This tour explores the use of gradient descent method for unconstrained and constrained optimization of a smooth function

In [2]:
addpath('toolbox_signal')


## Gradient Descent for Unconstrained Problems¶

We consider the problem of finding a minimum of a function $f$, hence solving $$\umin{x \in \RR^d} f(x)$$ where $f : \RR^d \rightarrow \RR$ is a smooth function.

Note that the minimum is not necessarily unique. In the general case, $f$ might exhibit local minima, in which case the proposed algorithms is not expected to find a global minimizer of the problem. In this tour, we restrict our attention to convex function, so that the methods will converge to a global minimizer.

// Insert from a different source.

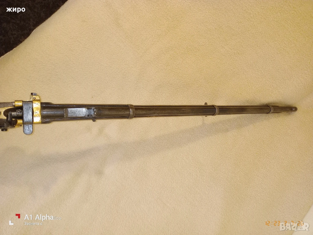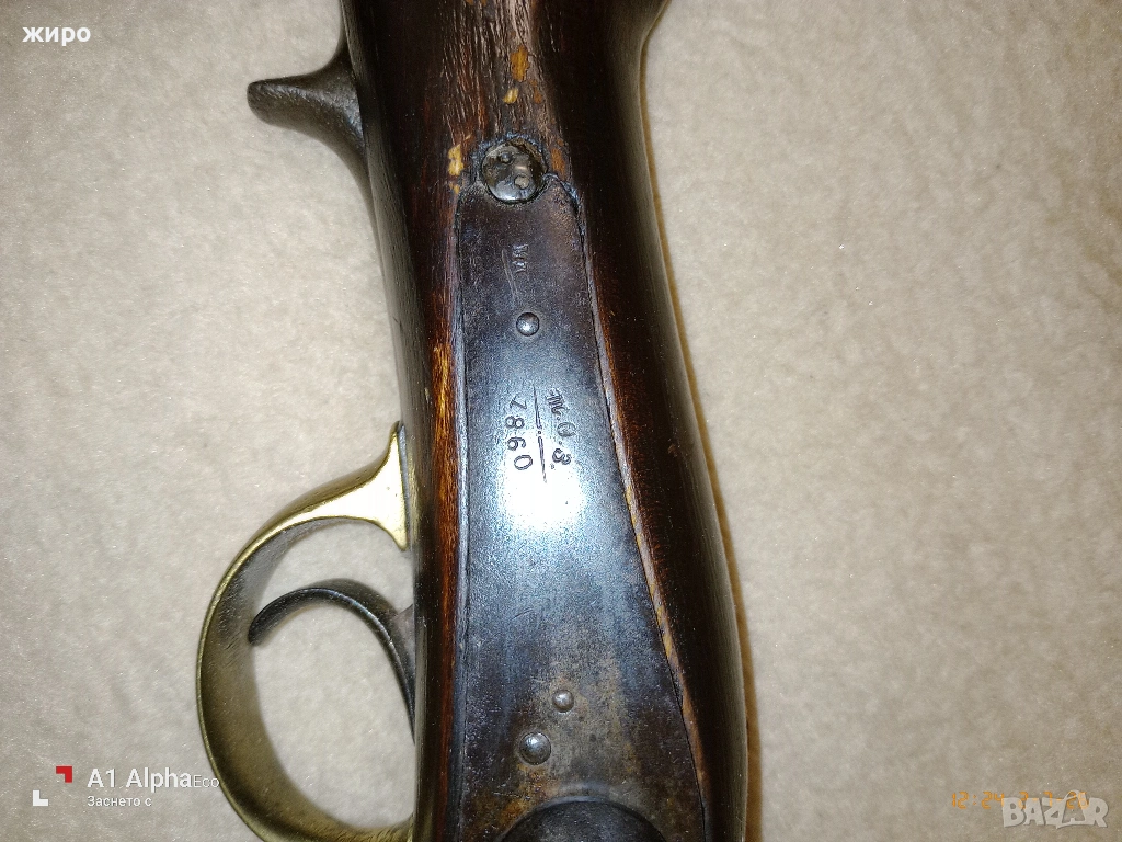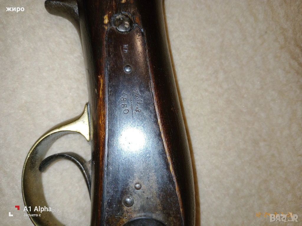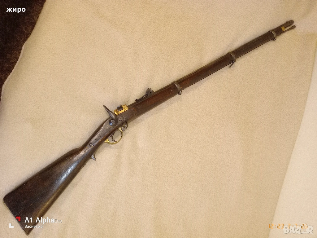 Силвестр Крнка, който през есента на 1867 г. пристигнал в Петербург и донесъл от Виена свой образец пушка Krnka и калибър 15,24 мм (6 линии).Пушката „Крнка”, обр. 1869 г., за стрелковите части имала обща дължина 1840 мм с поставен щик и 1340 мм без поставен щик. Дължина на цевта била 900 мм. Масата на пушката без щик била 4,5 кг, а с поставен щик достигала до 4,9 кг. Цевта се закрепвала към дървената ложа с помощта на 3 различни по големина скоби, отворени в долната страна. Мерникът бил с дълга планка, разграфен за стрелба на разстояния от 200 до 1200 крачки през 200 крачки. Пушката „КРНКА”, обр. 1860 г., се характеризира с обща дължина 133 см. За въоръжение в пехотата на Българската войска са предадени пушки „Крнка”, а за конниците – скъсена пушка (карабина) „Крнка”.Днес разновидностите на „Крнка” са особено привлекателни за оръжейните любители и колекционери. Образецът КРНКА от 1860 г. е с калибър 15,24. Представената карабина е в перфектно състояние! Карабината е на свободен режим преди 1900 г. и може да се използва за колекции и да участва във въстановките на "Традиция".Историческата справка за създаването на карабината КРНКА всеки може да прочете в интернет и по тази причина не обременявам анотацията в тази обява! При желание мога да предоставя още подробни снимки и данни. Предаване само при ЛИЧНА среща, преглед и заплащане!

The simplest method is the gradient descent, that computes $$x^{(k+1)} = x^{(k)} - \tau_k \nabla f(x^{(k)}),$$ where $\tau_k>0$ is a step size, and $\nabla f(x) \in \RR^d$ is the gradient of $f$ at the point $x$, and $x^{(0)} \in \RR^d$ is any initial point.

In the convex case, if $f$ is of class $C^2$, in order to ensure convergence, the step size should satisfy $$0 < \tau_k < \frac{2}{ \sup_x \norm{Hf(x)} }$$ where $Hf(x) \in \RR^{d \times d}$ is the Hessian of $f$ at $x$ and $\norm{\cdot}$ is the spectral operator norm (largest eigenvalue).

We consider a simple problem, corresponding to the minimization of a 2-D quadratic form $$f(x) = \frac{1}{2} \pa{ x_1^2 + \eta x_2^2, }$$ where $\eta>0$ controls the anisotropy, and hence the difficulty, of the problem.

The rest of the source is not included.